Previous published studies of group CBT for schizophrenia reporting positive symptom improvements (Reference Gledhill, Lobban and SellwoodGledhill et al, 1998; Reference Wykes, Parr and LandauWykes et al, 1999) have had small sample sizes, did not have control groups or masked assessment and failed to take account of the potential lack of independence in outcomes of group-treated patients that can increase type 1 errors dramatically (Reference Baldwin, Murray and ShadishBaldwin et al, 2005). The results of the study reported here are consistent with the recently published randomised controlled trial of group CBT for people who hear voices (Reference Wykes, Hayward and ThomasWykes et al, 2005). In that study, there was no impact on auditory hallucinations. There were promising results for secondary outcomes, with a borderline significant advantage to the members of the CBT group for self-esteem and a significant improvement in social functioning.

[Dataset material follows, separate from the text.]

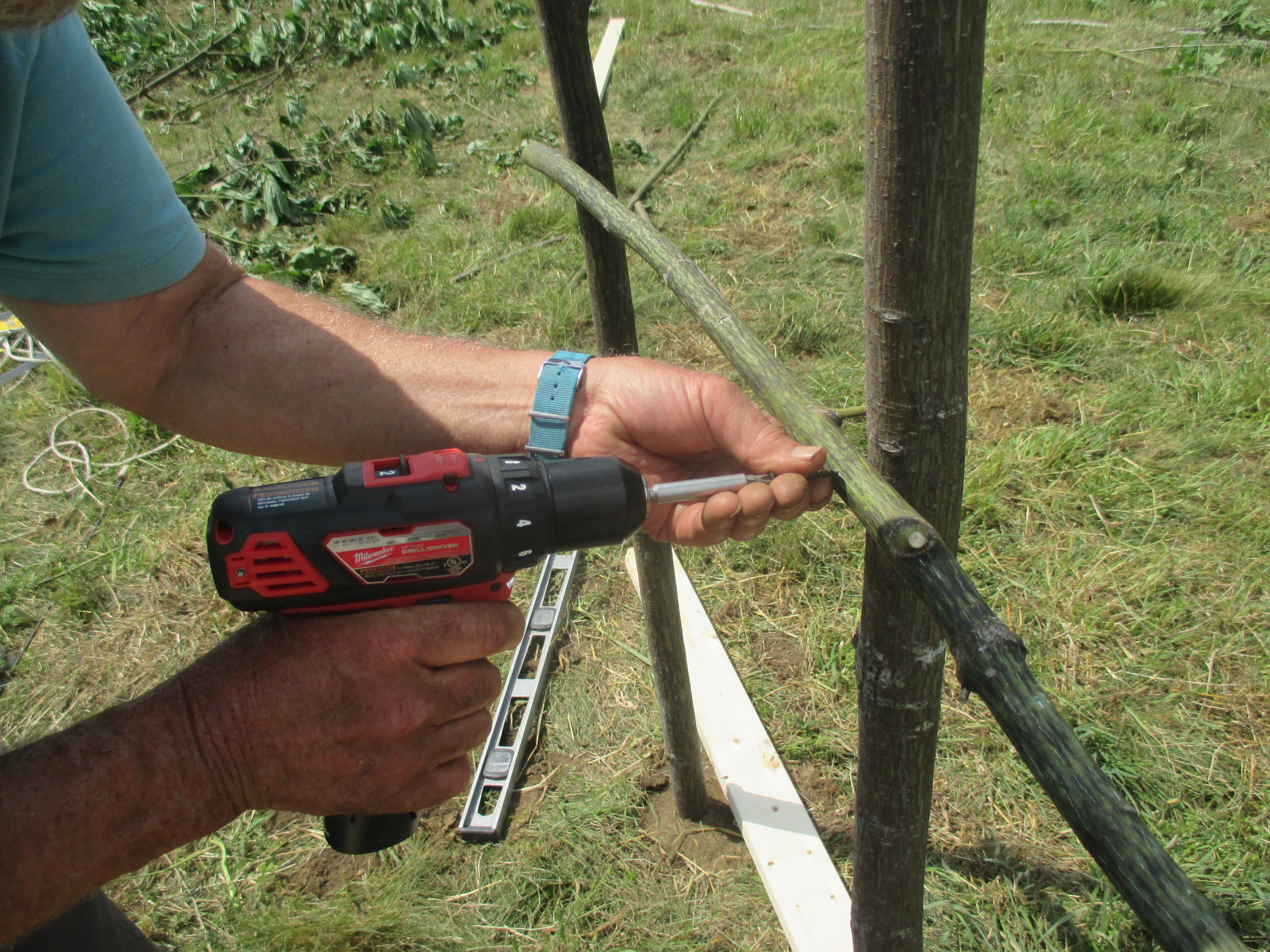 Tip # 3: You are not building a violin. It is easy to get obsessed with making every post absolutely vertical, and every horizontal precisely level. But, especially for arbors made of saplings, each piece is slightly different. Some have little curves, others have lumps and bumps. Work with a helper so one of you can adjust your posts to look good – standing straight up, with roughly level cross pieces. So long as it looks good to your eye, it is fine.

Wykes et al (Reference Wykes, Hayward and Thomas2005) point out that one clear disadvantage of group work for people with complex problems is that it lacks the flexibility to respond to diverse problem presentations, and they suggest that group CBT for psychosis might be more effective if there were homogeneity of symptom experience. However, in their study, even when the group focused on the common experience of hearing voices, hallucinations were not reduced (although there was some indication that participants treated by more expert therapists fared better).

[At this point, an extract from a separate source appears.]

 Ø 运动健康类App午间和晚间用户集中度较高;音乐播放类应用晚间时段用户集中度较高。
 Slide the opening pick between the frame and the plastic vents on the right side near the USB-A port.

Participants in our study were surveyed as to the advantages and disadvantages of the groups. Overall, feedback from attendees was very positive, and can be summarised in terms of the opportunity to share difficulties in a supportive context. Negative feedback focused on two sets of issues: factors that would lead to a problem in group dynamics, such as participants being dissimilar in terms of age or gender, and factors which might be seen as interfering with new learning, such as disruptions from agitated patients and inconsistent or poor attendance by some members. These factors also presented problems for therapists, and might be addressed in clinical practice where it is possible to select group participants on the basis of homogeneity of symptoms and demographic characteristics. Unfortunately, these issues were not systematically measured in our study, so their impact on outcomes could not be assessed.

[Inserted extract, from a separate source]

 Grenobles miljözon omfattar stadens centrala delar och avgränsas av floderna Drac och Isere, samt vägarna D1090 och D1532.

A tentative conclusion is that for people with psychosis who have a broad range of persistent positive symptoms, group is less likely than individual CBT to have an impact on hallucinations and delusions, even when delivered by experienced therapists. The study design did not permit us to assess the contribution of group attendance per se to the outcomes. Factors such as getting out of the house for an afternoon each week, and meeting new people in a supportive environment, may have contributed to any patient gains rather than the specific therapeutic input of the CBT. However, the study demonstrated that group cognitive–behavioural work may have important potential benefits, including feeling less negative about oneself and less hopeless for the future. The importance of these changes should not be underestimated, in view of the prominent role that hope and empowerment have been given in recent models of recovery (Reference Resnick, Fontana and LehmanResnick et al, 2005). Future group work with people who have psychosis may be more effective if it specifically targets outcomes such as affect and self-esteem.